A predominant number of color picture tubes in use today have line screens and shadow masks that include slit-shaped apertures. The apertures are aligned in columns, and the adjacent apertures in each column are separated from each other by webs or tie bars in the mask. Such tie bars, which define the vertical pitch (a.sub.v) of the mask, are essential in the mask to maintain its integrity when it is formed into a dome-shaped contour which somewhat parallels the contour of the interior of a viewing faceplate of the tube. In earlier tubes of this type, the separations between adjacent aperture column centerlines along the major axis, or horizontal pitch (a.sub.H), was held constant from center-to-edge of the mask. However, some later tubes of this type included a shadow mask with increased curvature and incorporated a shadow mask with an aperture column pitch variation as taught in U.S. Pat. No. 4,136,300, issued to A. M. Morrell on Jan. 23, 1979. In such later tubes, the pitch between centerlines of adjacent aperture columns increased from center-to-edge of the mask. This increase varied along the major axis generally as the square of the distance from the minor axis. In yet later tubes, a shadow mask aperture column-to-column pitch that varied along the major axis as the fourth power of the distance from the minor axis, such as taught in U.S. Pat. No. 4,583,022, issued to W. D. Masterton on Apr. 15, 1986, was used.

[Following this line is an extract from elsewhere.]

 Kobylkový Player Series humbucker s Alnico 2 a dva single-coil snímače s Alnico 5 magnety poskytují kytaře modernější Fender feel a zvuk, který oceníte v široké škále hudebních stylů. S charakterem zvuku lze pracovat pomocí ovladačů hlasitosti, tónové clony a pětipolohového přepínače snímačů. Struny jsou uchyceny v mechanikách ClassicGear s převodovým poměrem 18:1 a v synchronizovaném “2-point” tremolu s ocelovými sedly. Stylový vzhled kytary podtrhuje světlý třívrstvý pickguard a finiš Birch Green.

A problem that may occur during operation of color picture tubes is video aliasing. Video aliasing is an artifact, defect or distortion in a video picture usually occurring when video signals contain high frequencies. Aliasing can occur with both analog and digital video signals. With analog video, aliasing is usually caused by interference between two frequencies, such as might occur between high luminance frequencies and the horizontal spatial frequency due to the horizontal periodicity of the shadow mask of the tube. This aliasing appears as moire or herringbone patterns. With digital video, aliasing is caused by insufficient sampling or poor filtering of the digital signal, and shows up as jagged edges on diagonal lines and fluctuations in picture detail.

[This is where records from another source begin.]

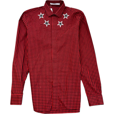 Men's Star-Print Gingham Long Sleeve Shirt Red Size S
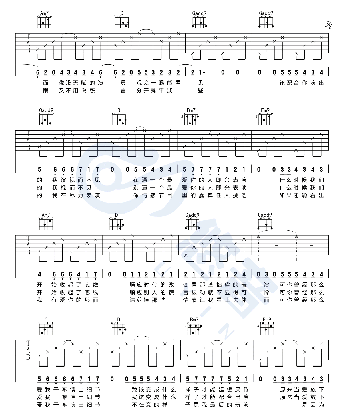 曲谱介绍: 演员吉他谱_薛之谦_《演员》G调原版六线谱_吉他弹唱教学分享,《演员》是由薛之谦作词作曲并演唱的一首歌。薛之谦以“在爱情面前,我不是一位演员,但愿成为一名绅士”为创作理念,将局外人拉入“薛氏情歌”的纠结情感中。 此版本的曲谱及教学来源于悠音吉他,这里歌曲采用G调指法根据原版进行编配,演唱时可以根据自己嗓音情况夹变调夹,因为这首歌的音域比较广,不太好唱,整体偏简单,如果有不清楚的可以参考吉他弹唱教学视频。 演员吉他谱_薛之谦_《演员》G调原版六线谱_吉他弹唱教学视频: 演员吉他谱_薛之谦_《演员》G调原版吉他弹唱六线谱_高清图片谱1-2:
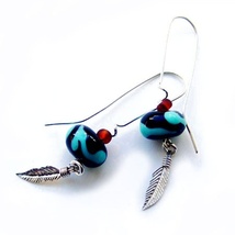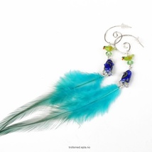 Lange øredobber med sølvfjær og håndlagde glassperler

In video systems, aliasing will result when an image is sampled that contains frequency components above the Nyquist limit for the sampling rate. The Nyquist frequency (f.sub.N) is the maximum frequency that a shadow mask can theoretically represent. The easiest solution to this aliasing problem is to increase the Nyquist frequency of the tube by decreasing the horizontal screen pitch. However, this solution has both cost and production limits. Another solution is to design an electron gun which has a larger beam spot at low current. However, a larger beam spot may degrade tube resolution to an unacceptable extent. Therefore, there is a need for solutions to the video aliasing problem which do not have these limitations.